Former El Bulli creative director is conjuring up new restaurants
Albert Adria was the creative force behind his brother Ferran's fame. Now the former El Bulli chef is winning praise by conjuring up new restaurants of his own, writes Andrew Sun

Ferran Adria is famous as the chef of storied Spanish restaurant El Bulli, but plenty of self-professed foodies know very little about his younger brother Albert, who worked alongside Ferran as creative director of the El Bulli laboratory.
By all accounts, it was Albert who spearheaded the renowned restaurant's cutting-edge innovations, technical breakthroughs and clever plating. Ferran was the conceptual genius but Albert was the mad scientist and artist - though he prefers not be called that.
Restaurants are not traditional or molecular -- they are simply good or bad
"The words art and science are dangerous when you talk about the kitchen. We're artisans," Adria says, during a recent sojourn in Hong Kong as guest chef at Catalunya restaurant in Wan Chai.
"To talk about food as art is not for me.
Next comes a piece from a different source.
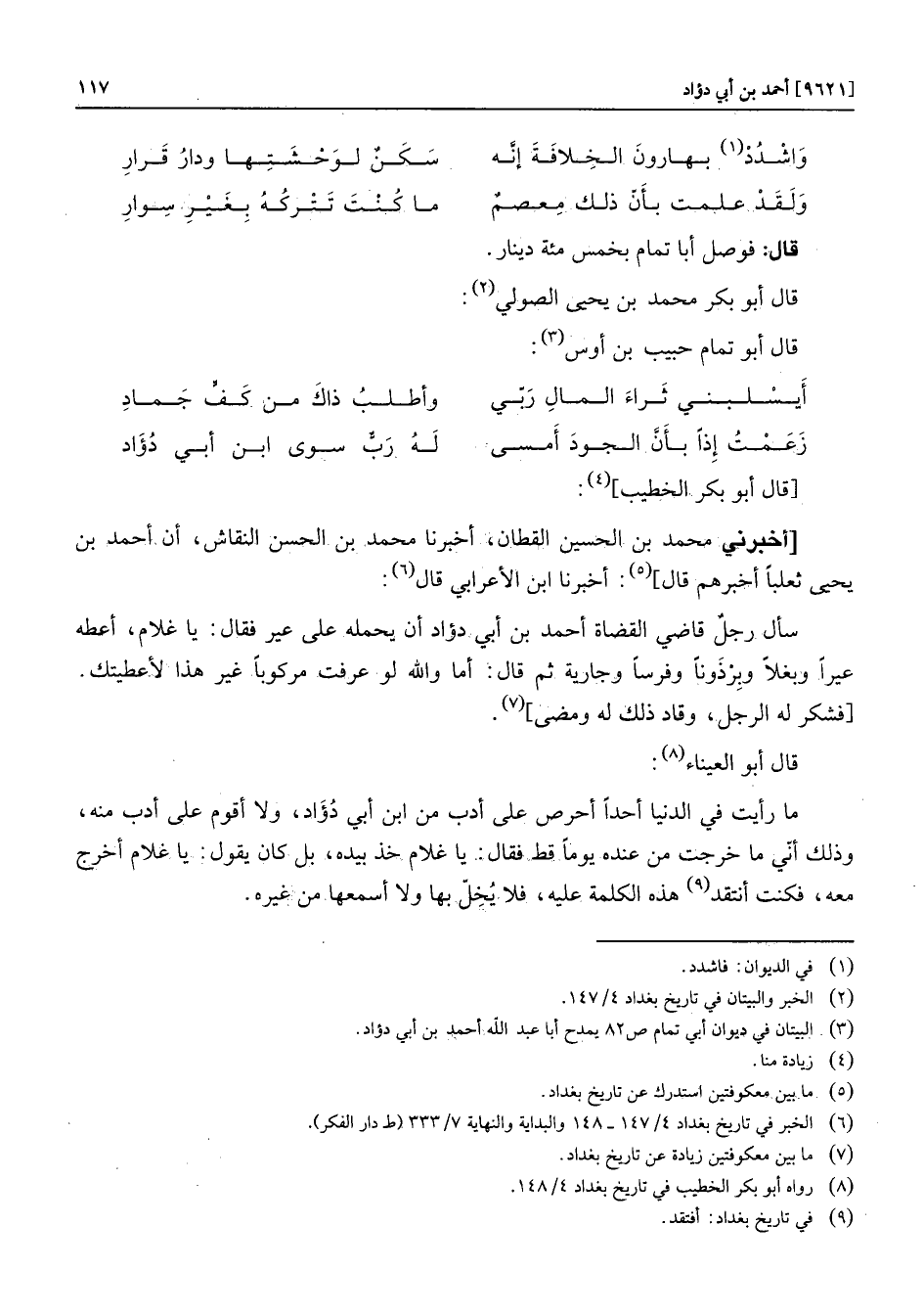 ما رأيت في الدنيا أحدا أحرص على أدب من ابن أبي دؤاد، ولا أقوم على أدب منه، وذلك أنّي ما خرجت من عنده يوما قط فقال: يا غلام خذ بيده، بل كان يقول: يا غلام أخرج معه، فكنت أنتقد «9» هذه الكلمة عليه، فلا يخلّ بها ولا أسمعها من غيره.

This is my work and the most technological machine I use is my hand."
Perhaps American celebrity chef David Chang, of Momofuku, hit the nail on the head when he provocatively analogised: "If Ferran is God, then Albert is Jesus."
As a 15-year-old school dropout, Adria joined El Bulli in 1985, a year after his older brother, and soon developed the aptitude and precision needed to be the head pastry chef.